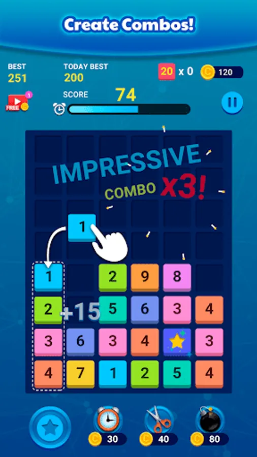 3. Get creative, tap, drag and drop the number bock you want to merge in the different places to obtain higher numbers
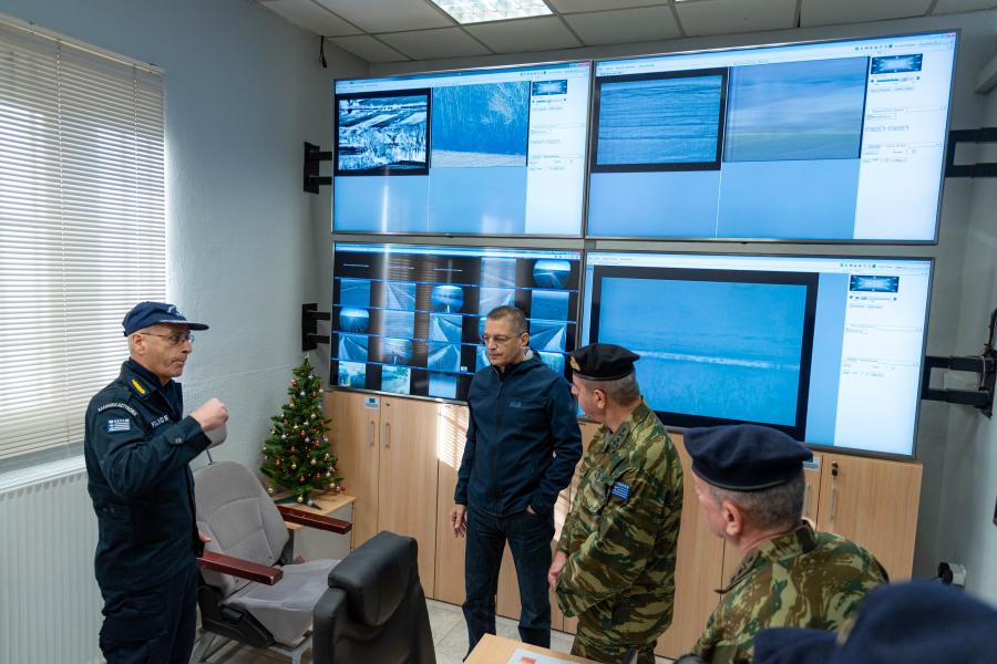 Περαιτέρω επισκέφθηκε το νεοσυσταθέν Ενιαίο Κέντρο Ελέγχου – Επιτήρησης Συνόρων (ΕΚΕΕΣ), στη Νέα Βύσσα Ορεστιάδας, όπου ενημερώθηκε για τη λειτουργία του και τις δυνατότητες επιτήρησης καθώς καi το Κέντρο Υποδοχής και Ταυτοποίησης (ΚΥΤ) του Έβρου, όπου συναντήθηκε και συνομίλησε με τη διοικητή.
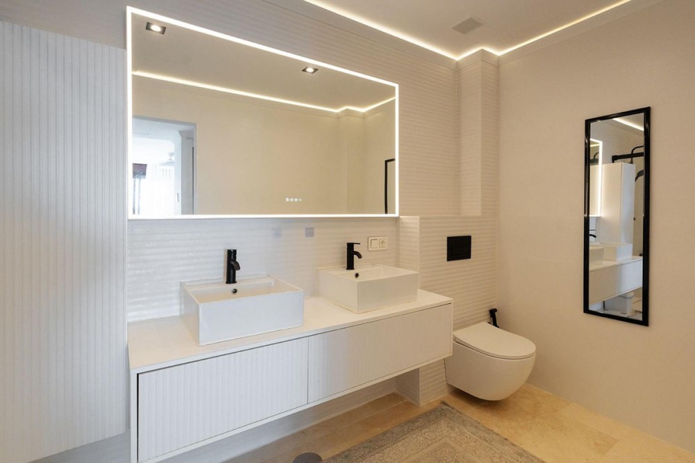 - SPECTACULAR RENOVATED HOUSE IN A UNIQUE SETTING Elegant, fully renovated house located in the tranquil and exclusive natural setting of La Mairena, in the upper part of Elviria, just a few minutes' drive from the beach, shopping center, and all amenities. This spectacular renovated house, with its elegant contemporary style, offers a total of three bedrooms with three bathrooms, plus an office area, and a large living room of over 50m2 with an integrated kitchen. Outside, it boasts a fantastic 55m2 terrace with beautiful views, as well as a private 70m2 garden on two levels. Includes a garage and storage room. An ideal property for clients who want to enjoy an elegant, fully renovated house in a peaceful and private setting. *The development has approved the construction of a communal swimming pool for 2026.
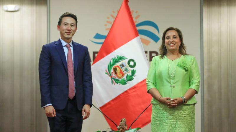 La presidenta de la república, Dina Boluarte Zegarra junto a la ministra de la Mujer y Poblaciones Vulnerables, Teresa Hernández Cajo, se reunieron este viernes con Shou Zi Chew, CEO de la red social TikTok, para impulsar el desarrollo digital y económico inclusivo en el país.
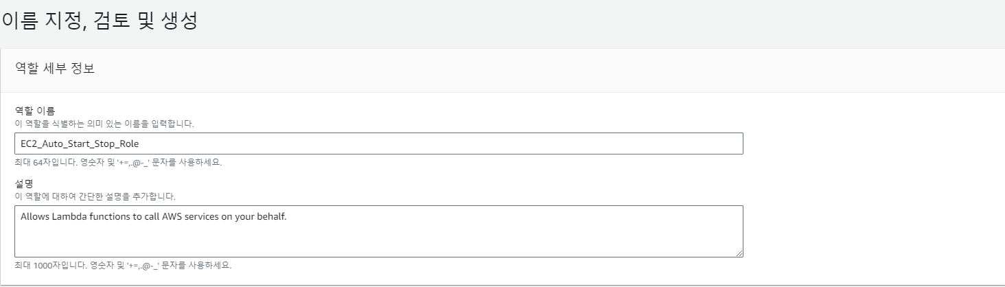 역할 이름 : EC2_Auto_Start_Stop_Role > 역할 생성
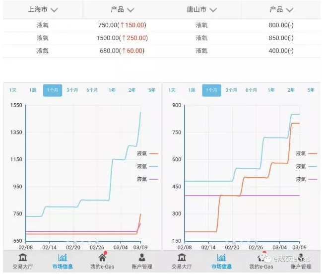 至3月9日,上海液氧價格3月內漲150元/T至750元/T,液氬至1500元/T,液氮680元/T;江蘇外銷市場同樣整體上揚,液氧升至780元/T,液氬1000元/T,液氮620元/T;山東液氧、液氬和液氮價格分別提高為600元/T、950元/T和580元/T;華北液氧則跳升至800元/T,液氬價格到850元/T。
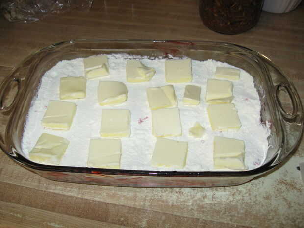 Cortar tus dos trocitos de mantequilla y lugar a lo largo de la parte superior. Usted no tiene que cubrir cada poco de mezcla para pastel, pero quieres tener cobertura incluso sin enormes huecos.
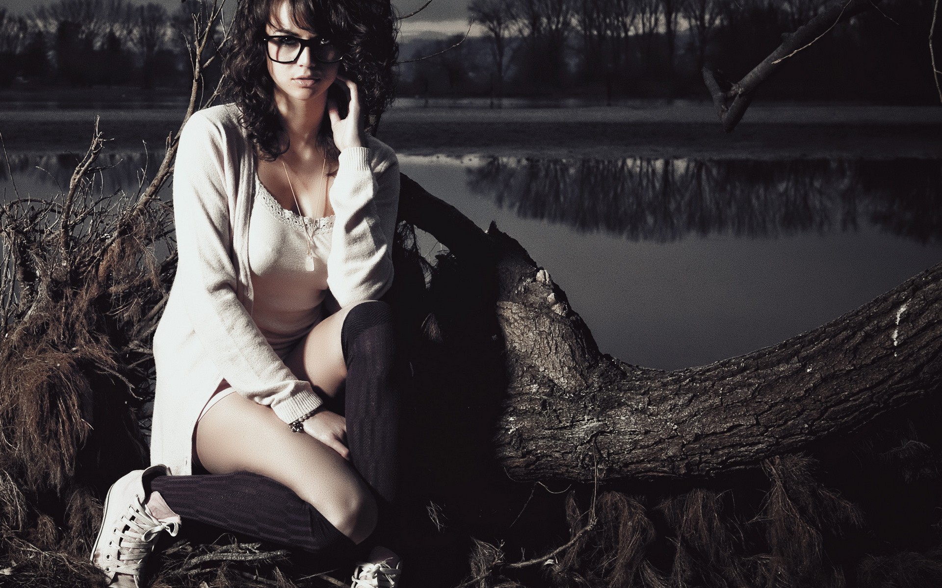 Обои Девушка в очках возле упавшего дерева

- - - - - - -

In the copy, include exactly the lines from the one with "역할 이름 : EC2_Auto_Start_Stop_Role > 역할 생성" through the final line of the entries above, both ends counted, and no pictures.

Completed task —
 역할 이름 : EC2_Auto_Start_Stop_Role > 역할 생성
 至3月9日,上海液氧價格3月內漲150元/T至750元/T,液氬至1500元/T,液氮680元/T;江蘇外銷市場同樣整體上揚,液氧升至780元/T,液氬1000元/T,液氮620元/T;山東液氧、液氬和液氮價格分別提高為600元/T、950元/T和580元/T;華北液氧則跳升至800元/T,液氬價格到850元/T。
 Cortar tus dos trocitos de mantequilla y lugar a lo largo de la parte superior. Usted no tiene que cubrir cada poco de mezcla para pastel, pero quieres tener cobertura incluso sin enormes huecos.
 Обои Девушка в очках возле упавшего дерева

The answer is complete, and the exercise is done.